“C’est rien, c’était juste un cauchemar. On va te mettre le matelas dans notre chambre”. Mon père prend le matelas dans la cave, l’installe au pied de leur lit. Je suis bien, il ne peut plus rien se passer, les monstres sont loin. Un jour les monstres s’en vont et ne reviennent plus. Nuit, peur, plaisir.
Enfant, à la maison, les occasions d’inviter un copain à passer une nuit dans ma chambre sont rares. Parfois, après avoir insisté un peu plus et promis d’être sage, un “Bon très bien : Allez chercher le matelas à la cave ! ” scellait l’accord conclu avec ma mère. Un très bon copain d’école, un voisin plus apprécié que les autres à ce moment-là se retrouvait donc sur le matelas au pied de mon lit. Rires, chuchotements, secrets, nuit blanche.
Plus tard, jeune homme, mon lit devenant trop étroit pour deux, sortir ce matelas maladroitement de sous mon lit deviendra vite une sorte de préliminaire rituel pour mieux cacher la gène partagée d’avant l’amour. Regards, silence, mystère, après-midi.
Un ami de mes parents y a dormi quelques semaines au moment de son divorce, odeur de tabac froid le matin dans le salon.

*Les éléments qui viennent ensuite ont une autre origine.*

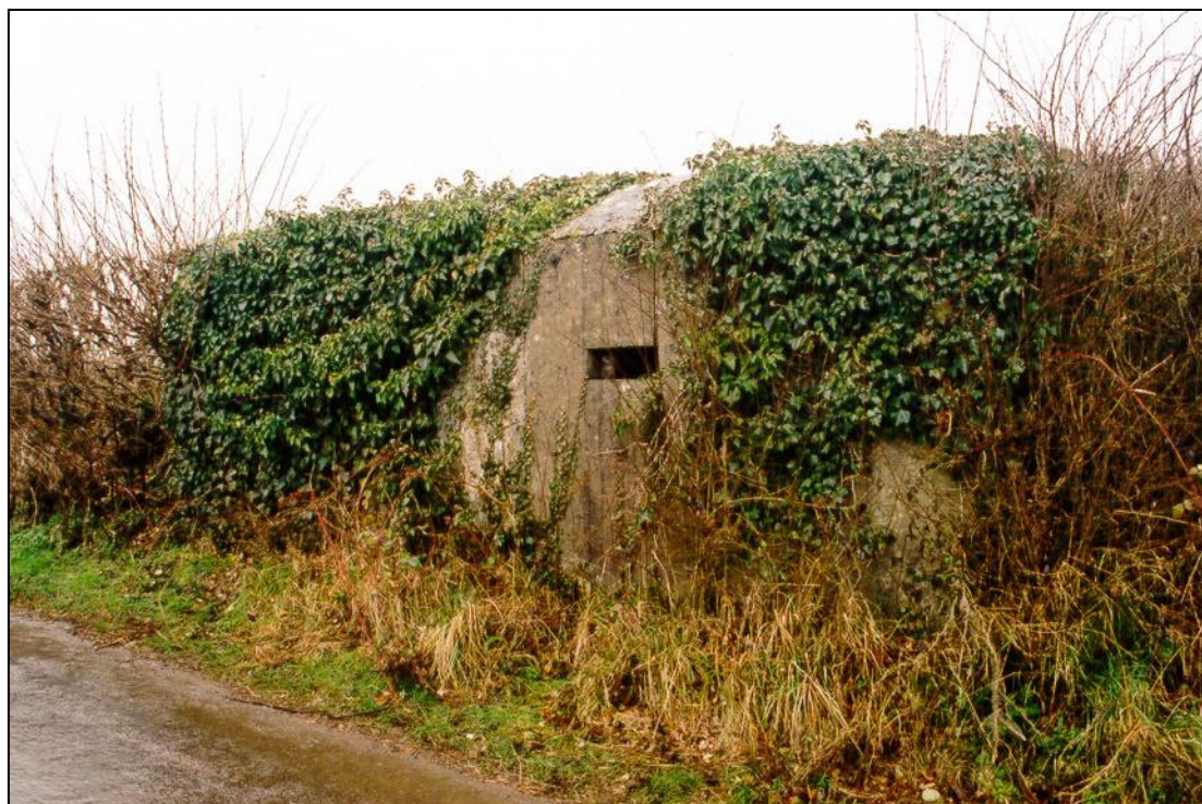
Fig. 7 - UORN 6851: this pillbox once commanded the crossing of the lane south of Star Farm by the anti-tank ditch. There was undoubtedly a roadblock near this position as well.

There is evidence of only one of what must have been several roadblocks within the defence area surviving today. Two concrete cylinders stand by the side of the lane seventy metres or so towards Avening from pillbox, UORN 6846. The other likely positions of roadblocks are just north of Star Cottages, at the junction with Roundabout Lane, and near pillbox, UORN 6851. There is no documentary confirmation of these sites, however, so they have not been included in the overall record or on Map 2.

Mon grand-père aussi quand ma grand-mère était à l’hôpital, après leur accident. Je comprends en l’écrivant maintenant qu’il ne devait sûrement pas beaucoup dormir.
Moi, l’été, seul, dans le salon, mes parents sont loin, pour ne pas être dans ma chambre qui est au fond de la maison et j’ai peur. La télé reste allumée toute la nuit. La boucle est bouclée.